Sunday, April 9, 2017

All thumbs


Payne’s grey dried and embedded under my right thumb nail and as obvious as this is, numbers won't help me, my digits deny wrong-doing, I have an alibi.
Porcelain gesso flakes on these forearms pretend this doll skin can peel, I must step out of the light so  may scratch these off, knowing even after all the bleach I was immersed in yesterday, the stains and imperfections all remain as if the function were to remind me of what this is not, mirrors and pixels which explains the impulse to smoke and blur, these gestures sweep and move genres.
Sure I may talk big, but I could never carry out such cruelty as to send my dearest enemies these mirrors, so instead I paint and portray cells, the canvas becomes a loose cage able to contain this heart embedded rage, this one gives me trouble and the door remains ajar.
I am stuck.
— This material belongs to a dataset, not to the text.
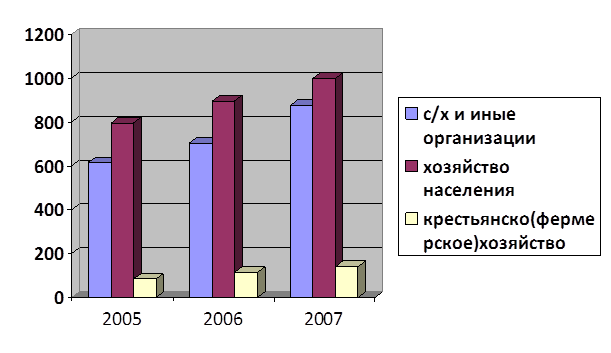 Изучив таблицу, мы видим, что сельскохозяйства и иные организации в 2005году составляла денежная масса 615,6млрд.руб.,а в 2007году 875,9млрд.руб., следовательно за 2а года денежная масса возросла на 260.3млрд.руб.Хозяйство населения в 2005году составляло 794,5млрд.руб.,а в 2007году составило 1001,1млрд.руб.,из этого следует, что денежная масса хозяйства населения возросла на 206.6млрд.руб.за 2а года. И наконец крестьянское (фермерское) хозяйство за 2а года возросло на 56.2млрд.руб. На основание данных таблицы, следует, что денежная масса сельско хозяйственной промышленности с каждым годом возрастает, причём во всех категориях хозяйств. Также в данной таблице показана денежная масса хозяйства всех категорий: в 2005году она составляло 1494,6, в 2006году 1711,3 и наконец в 2007году 2017,2.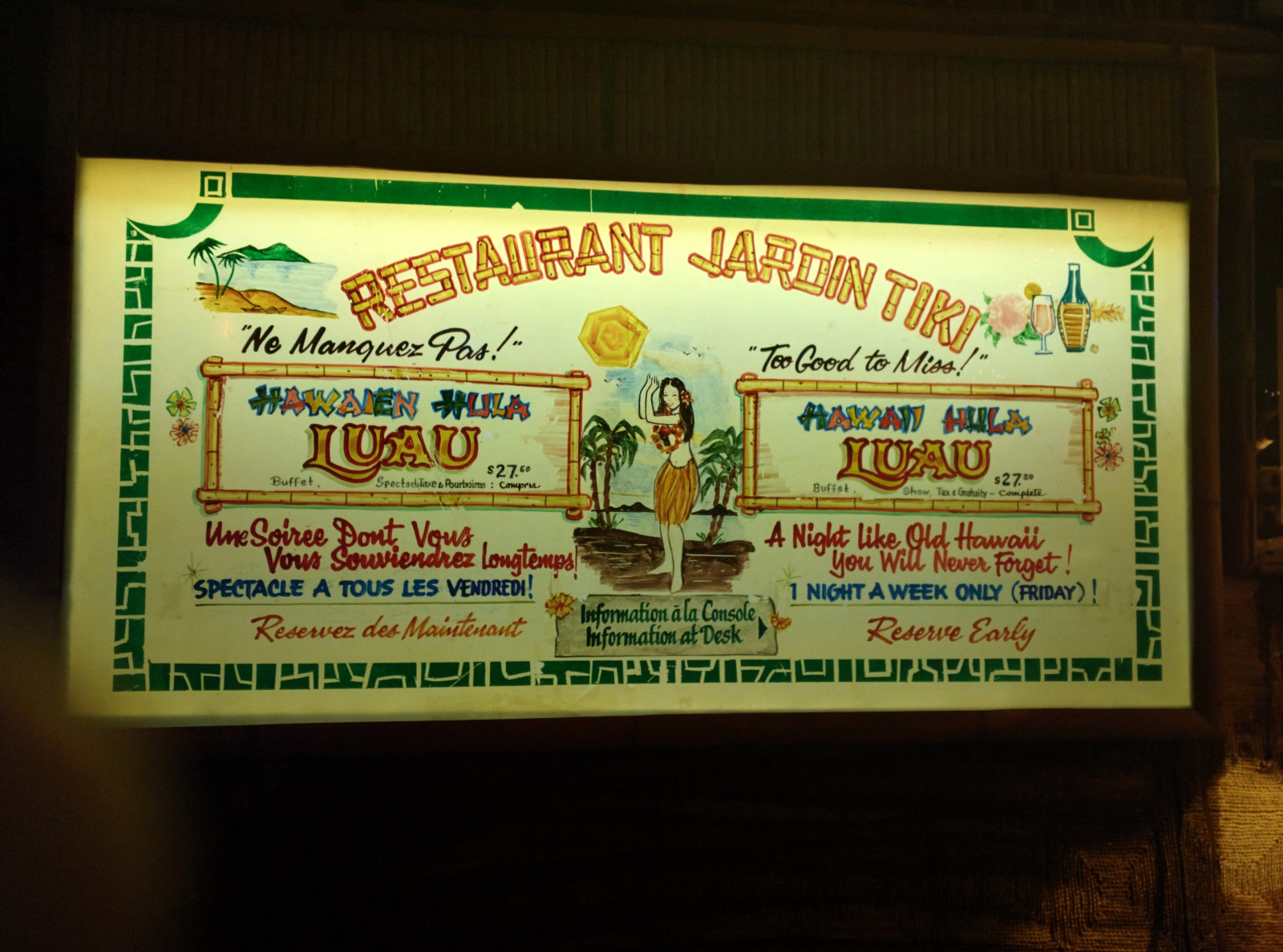 Après vingt-neuf ans de loyaux services à la population montréalaise en mal de décor kitscho-polynésien ou de buffet chinois-américain où egg rolls dubitatifs côtoient onion rings d’une croustillance expirée et filets de saumon pâlottes, le Jardin Tiki fermera officiellement ses portes dimanche.

The cracked glass. The hour stand and black sand that not just trickles down and out but spills upward and around the sides and I no longer am able to get the picture- still defiant and incomplete, I know it could just be me, lost within this painting to be profound, I ponder and fume at the empty reflection knowing it needs some heartbeat, a sign of life somewhere, people, and wall to race against. For now, the background is all sky,

For the life of me, I cannot fathom why? 

Painting by Gerrit Dou (1647) in [Public domain], via Wikimedia Commons.